* _Aim of the exercise_: From the very first line of the data to the line containing "კაფეს ინტერიერი ფერად ფერებშია გაფორმებული.", retype everything exactly, leaving the pictures behind.

* _Dataset extract_:
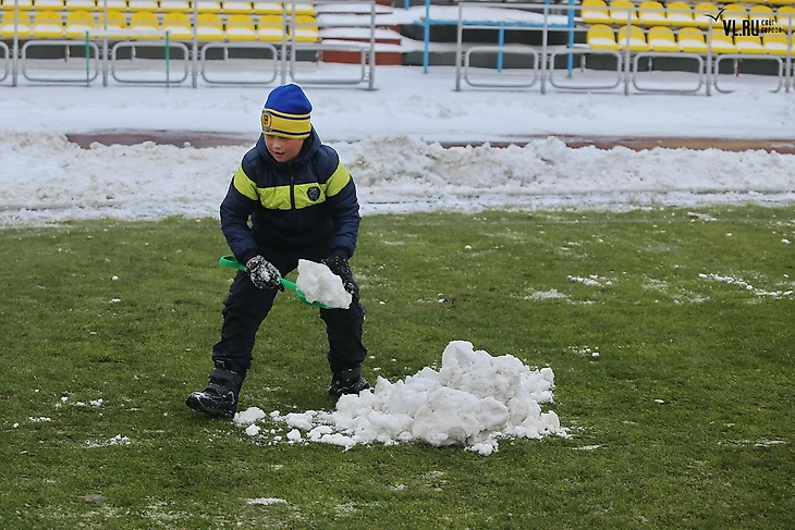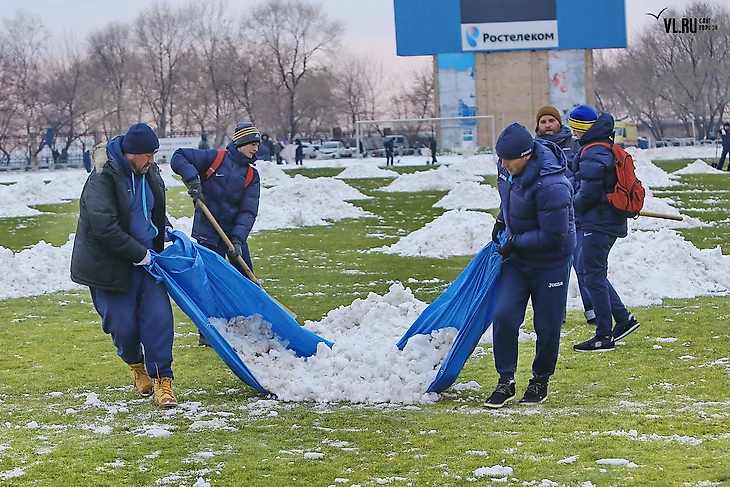 Снег, начавшийся во Владивостоке уже вечером пятницы, к утру субботы покрыл весь город. Матч «Луч-Энергия» – «Кубань»  перенесли на три часа, а в соцсетях приморского клуба появилась просьба:
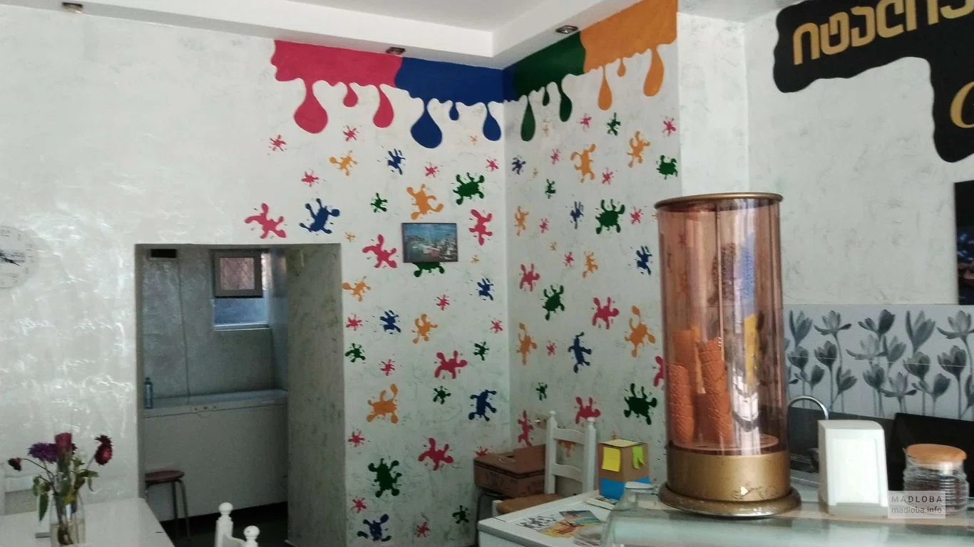კაფეს ინტერიერი ფერად ფერებშია გაფორმებული.
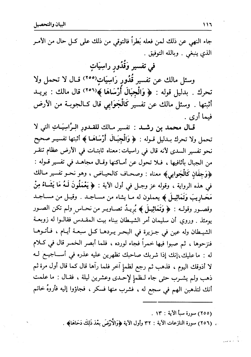 قال محمد بن رشد: تفسير مالك للقدورِ الَرّاسِيَاتِ التي لا تحمل ولا تحرك بدليل قوله: {وَالْجِبَالَ أَرْسَاهَا} [النازعات: 32] أثبتها تفسير صحيح نحو تفسير السدي؛ لأنه قال فيِ {رَاسِيَاتٍ} [سبأ: 13] : معناه ثابتات في الأرض، عظام تنقر من الجبال بأثافيها، فلا تحول عن أماكنها. وقال مجاهد في تفسير قوله: {وَجِفَانٍ كَالْجَوَابِ} [سبأ: 13] معناه: وصحاف كالحياض، وهو نحو تفسير مالك في هذه الرواية، وقوله عز وجل في أول الآية: {يَعْمَلُونَ لَهُ مَا يَشَاءُ مِنْ مَحَارِيبَ وَتَمَاثِيلَ} [سبأ: 13] ، يعملون له ما يشاء من مساجد. وقيل: من مساجد وقصور.

* _Worked solution_:
 Снег, начавшийся во Владивостоке уже вечером пятницы, к утру субботы покрыл весь город. Матч «Луч-Энергия» – «Кубань»  перенесли на три часа, а в соцсетях приморского клуба появилась просьба:
კაფეს ინტერიერი ფერად ფერებშია გაფორმებული.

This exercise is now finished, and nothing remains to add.